+++ DATA RECORDS

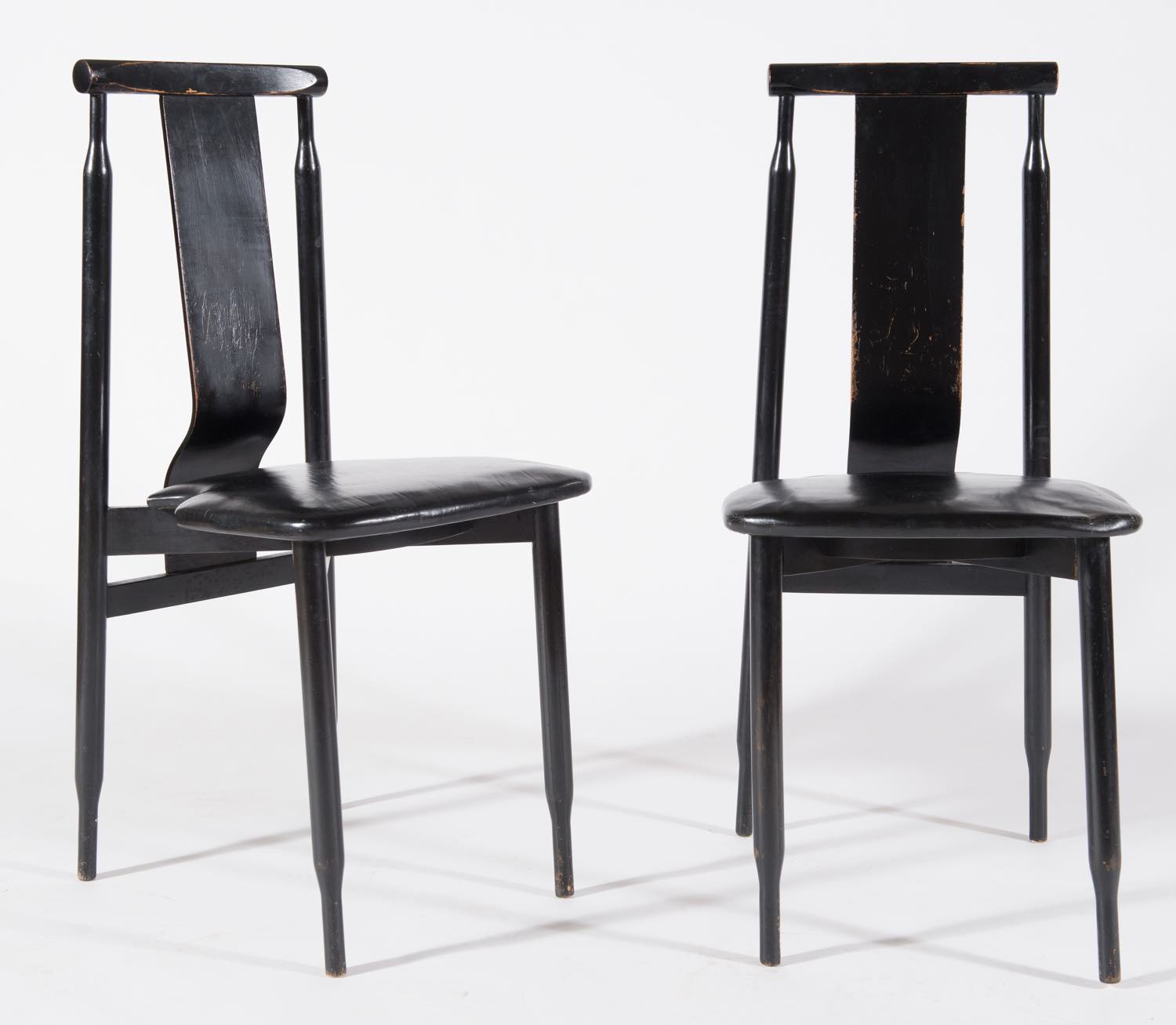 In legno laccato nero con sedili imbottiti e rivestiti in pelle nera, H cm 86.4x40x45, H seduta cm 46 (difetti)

++++++
+++ DATA RECORDS

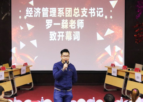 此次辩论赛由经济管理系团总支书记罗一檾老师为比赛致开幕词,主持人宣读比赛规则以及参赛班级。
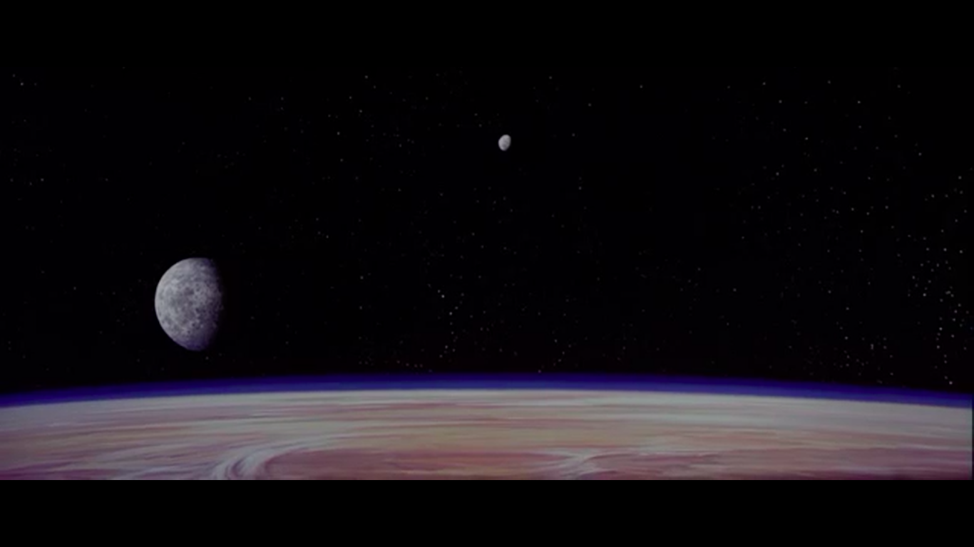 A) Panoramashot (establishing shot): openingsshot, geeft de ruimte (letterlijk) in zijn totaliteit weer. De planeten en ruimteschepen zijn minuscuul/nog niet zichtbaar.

++++++
+++ DATA RECORDS

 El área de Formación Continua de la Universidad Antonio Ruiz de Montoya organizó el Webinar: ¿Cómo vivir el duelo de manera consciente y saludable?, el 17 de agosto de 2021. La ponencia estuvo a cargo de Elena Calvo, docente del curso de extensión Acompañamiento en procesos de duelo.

++++++

Range to print from the listing above: from the line with "此次辩论赛由经济管理系团总支" up to and including the line with "A) Panoramashot (establishing". Please print those lines exactly, with no pictures and nothing more.

 此次辩论赛由经济管理系团总支书记罗一檾老师为比赛致开幕词,主持人宣读比赛规则以及参赛班级。
 A) Panoramashot (establishing shot): openingsshot, geeft de ruimte (letterlijk) in zijn totaliteit weer. De planeten en ruimteschepen zijn minuscuul/nog niet zichtbaar.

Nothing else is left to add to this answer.